Re: Using functional programming rather than SQL

2016-02-22 Thread Michał Zieliński
Your SQL query will look something like that in DataFrames (but as Ted
said, check the docs to see the signatures).

smallsales
.join(times,"time_id")
.join(channels,"channel_id")
.groupBy("calendar_month_desc","channel_desc")
.agg(sum(col("amount_sold")).as("TotalSales"),
"calendar_month_desc","channel_desc")

On 23 February 2016 at 01:50, Ted Yu  wrote:

> Mich:
> Please refer to the following test suite for examples on various DataFrame
> operations:
>
> sql/core/src/test/scala/org/apache/spark/sql/DataFrameSuite.scala
>
> On Mon, Feb 22, 2016 at 4:39 PM, Mich Talebzadeh <
> mich.talebza...@cloudtechnologypartners.co.uk> wrote:
>
>> Thanks Dean.
>>
>> I gather if I wanted to get the whole thing through FP with little or no
>> use of SQL, then for the first instance as I get the data set from Hive
>> (i.e,
>>
>> val rs = HiveContext.sql("""SELECT t.calendar_month_desc, c.channel_desc,
>> SUM(s.amount_sold) AS TotalSales
>> FROM smallsales s, times t, channels c
>> WHERE s.time_id = t.time_id
>> AND   s.channel_id = c.channel_id
>> GROUP BY t.calendar_month_desc, c.channel_desc
>> """)
>>
>> I can even possibly use DF to do the above sql joins because what I am
>> doing above can also be done in DF without SQL use?
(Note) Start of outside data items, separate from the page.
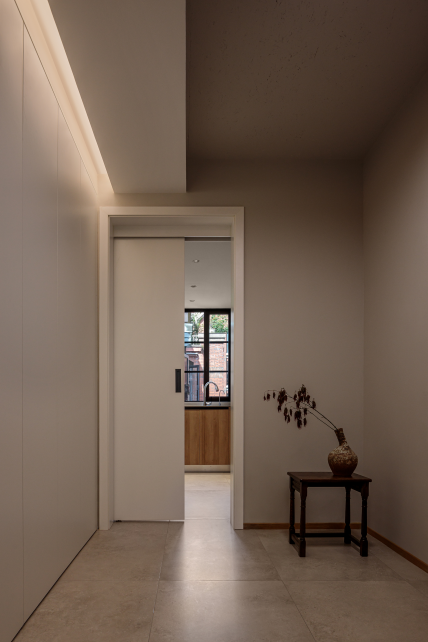 客厅连接阳台的过道,为了更好将室内外氛围衔接,设计借用客厅与主卧之间的墙体厚度设计了一处展示壁龛,底部设置封闭式储物空间,展示与收纳完美结合。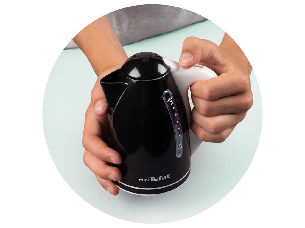 Věrná replika rychlovarné konvice mini Tefal "Express" jako doplněk pro kuchyňky od Smoby, pro všechny malé maminky a pomocnice v domácnosti. Víko lze otevřít. Mechanická funkce: po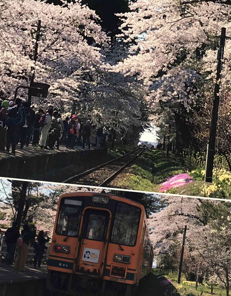 桜並木を文学の巨匠の名にちなんだ太宰治号に乗って行く旅、(ღ*ˇ ˇ*)。o♡ᔆᵘᵗᵉᵏⁱ♡いいなぁ~乗ってみたいです😍💕💕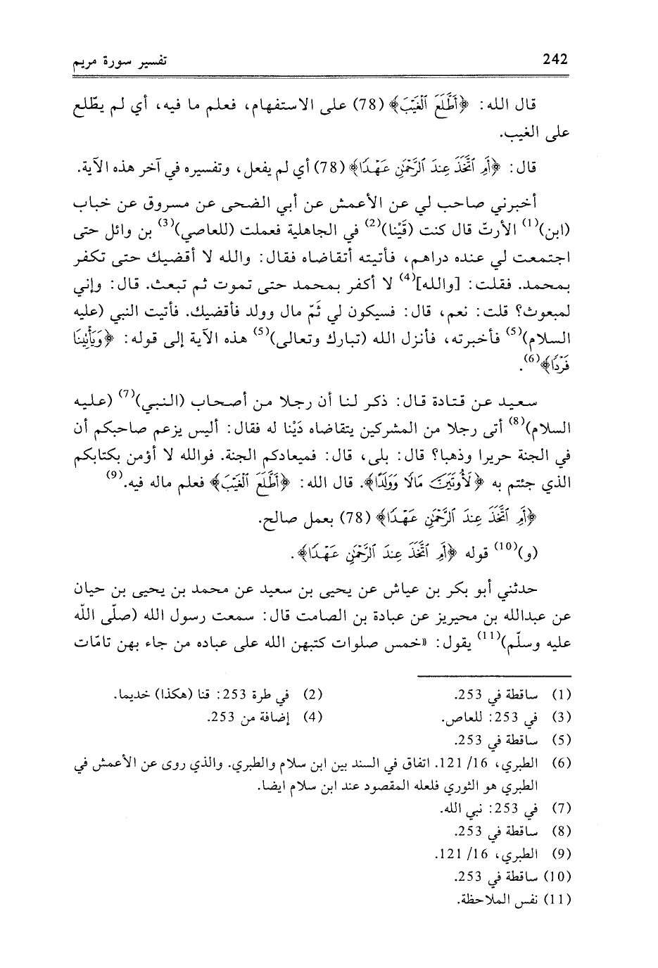 - أَخْبَرَنِي صَاحِبٌ لِي، عَنِ الأَعْمَشِ، عَنْ أَبِي الضُّحَى، عَنْ مَسْرُوقٍ، عَنْ خَبَّابِ بْنِ الأَرَتِّ قَالَ: كُنْتُ قَيْنًا فِي الْجَاهِلِيَّةِ فَعَمِلْتُ لِلْعَاصِي بْنِ وَائِلٍ حَتَّى اجْتَمَعَتْ لِي عِنْدَهُ دَرَاهِمُ، فَأَتَيْتُهُ أَتَقَاضَاهُ فَقَالَ: وَاللَّهِ لا أَقْضِيكَ حَتَّى تَكْفُرَ بِمُحَمَّدٍ.
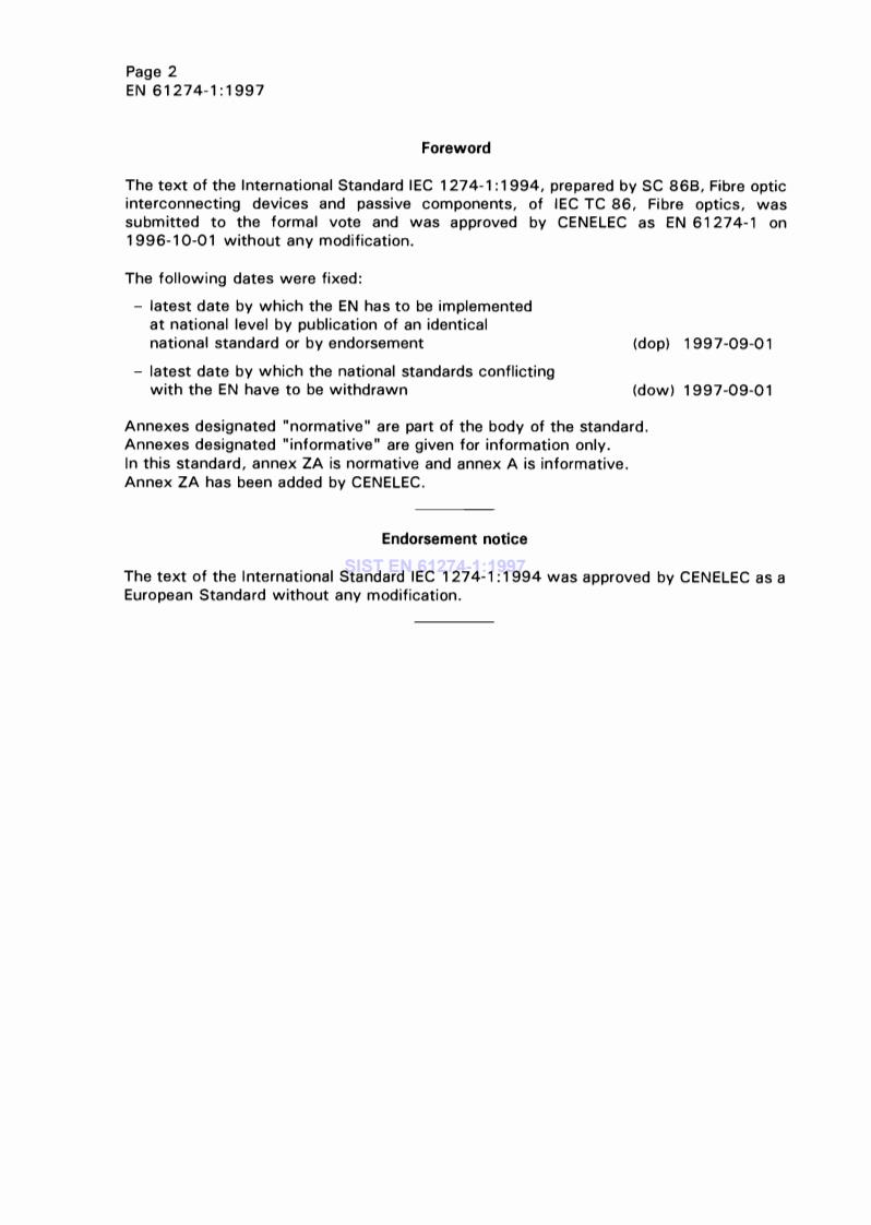 EN 61274-1:1997 is a standard published by CLC. Its full title is "Fibre optic adaptors - Part 1: Generic specification". This standard covers: Relates to individual fibre optic adaptors such as: -adaptors for connecting a plug connector to an identical type of plug connector; -adaptors for connecting one type of plug connector to a different type of plug connector; -adaptors for connecting a fibre optic connector to their optical devices such as LEDs, switches, etc. The specification includes: -adaptor requirements; -quality assessment procedures.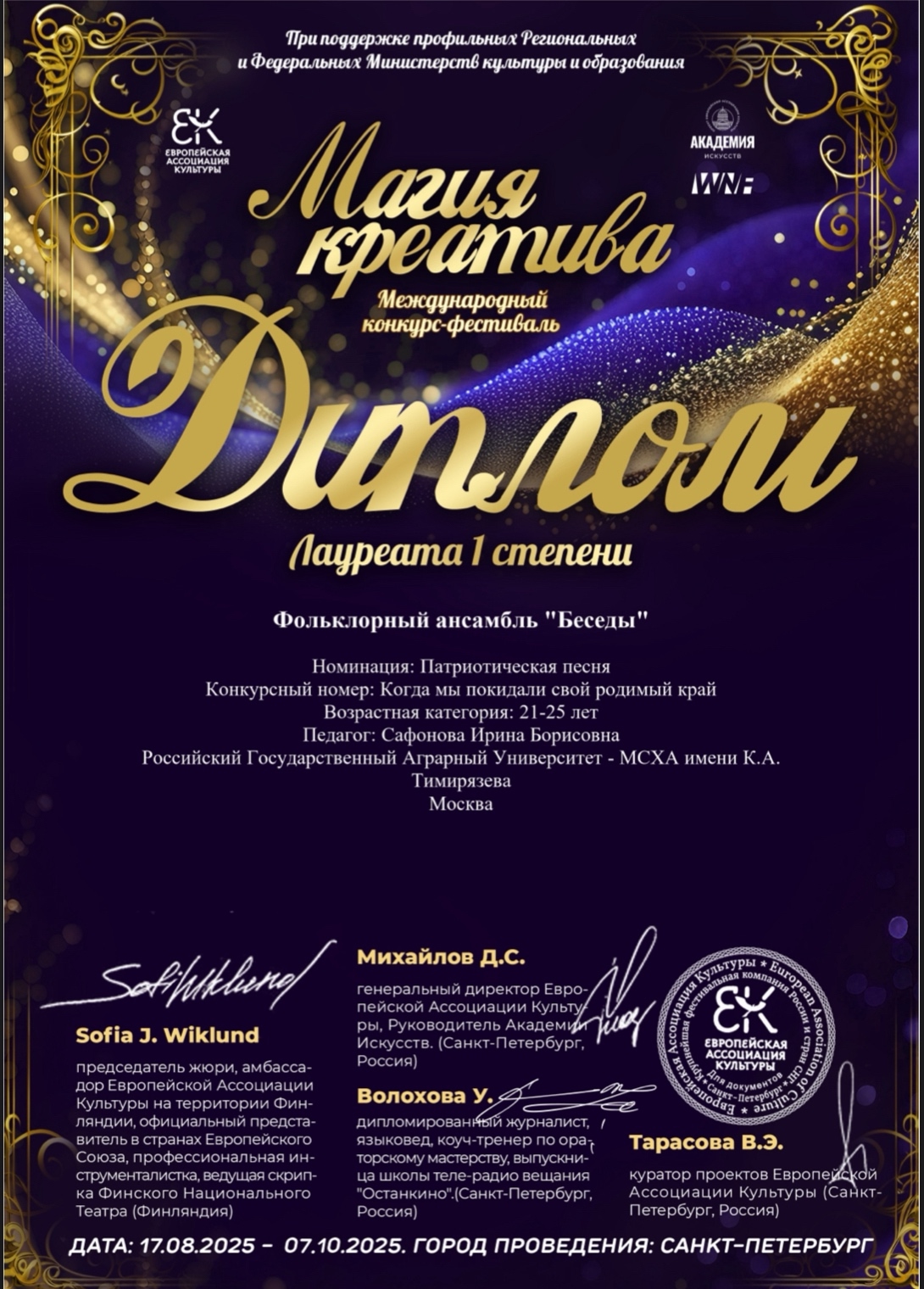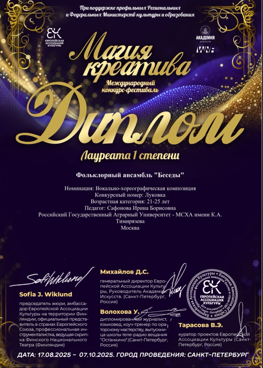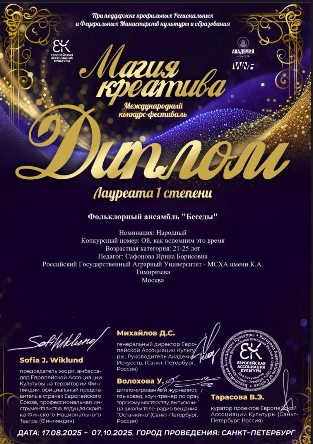 Фольклорный ансамбль «Беседы» Российского государственного аграрного университета – МСХА имени К.А. Тимирязева вновь подтвердил свой высокий уровень мастерства, завоевав признание на Международном конкурсе-фестивале «Магия креатива». Мероприятие, организованное Европейской ассоциацией культуры при поддержке Федеральных Министерств культуры и образования, стало площадкой для демонстрации талантов из разных регионов России и зарубежья.

Is that possible? Or I
>> have to use some form of SQL?
>>
>>
>>
>> The rest I can do simply using DFs.
>>
>>
>>
>> Thanks
>>
>>
>>
>>
>>
>> On 23/02/2016 00:26, Dean Wampler wrote:
>>
>> Kevin gave you the answer you need, but I'd like to comment on your
>> subject line. SQL is a limited form of FP. Sure, there are no anonymous
>> functions and other limitations, but it's declarative, like good FP
>> programs should be, and it offers an important subset of the operators
>> ("combinators") you want.
>>
>> Also, on a practical note, use the DataFrame API whenever you can, rather
>> than dropping down to the RDD API, because the DataFrame API is far more
>> performant. It's a classic case where restricting your options enables more
>> aggressive optimizations behind the scenes. Michal Armbrust's talk at Spark
>> Summit East nicely made this point.
>> http://www.slideshare.net/databricks/structuring-spark-dataframes-datasets-and-streaming
>>
>> dean
>>
>> Dean Wampler, Ph.D.
>> Author: Programming Scala, 2nd Edition
>>  (O'Reilly)
>> Typesafe 
>> @deanwampler 
>> http://polyglotprogramming.com
>>
>> On Mon, Feb 22, 2016 at 6:45 PM, Kevin Mellott > > wrote:
>>
>>> In your example, the *rs* instance should be a DataFrame object. In
>>> other words, the result of *HiveContext.sql* is a DataFrame that you
>>> can manipulate using *filter, map, *etc.
>>>
>>>
>>> http://spark.apache.org/docs/latest/api/scala/index.html#org.apache.spark.sql.hive.HiveContext
>>>
>>>
>>> On Mon, Feb 22, 2016 at 5:16 PM, Mich Talebzadeh <
>>> mich.talebza...@cloudtechnologypartners.co.uk> wrote:
>>>
 Hi,

 I have data stored in Hive tables that I want to do simple manipulation.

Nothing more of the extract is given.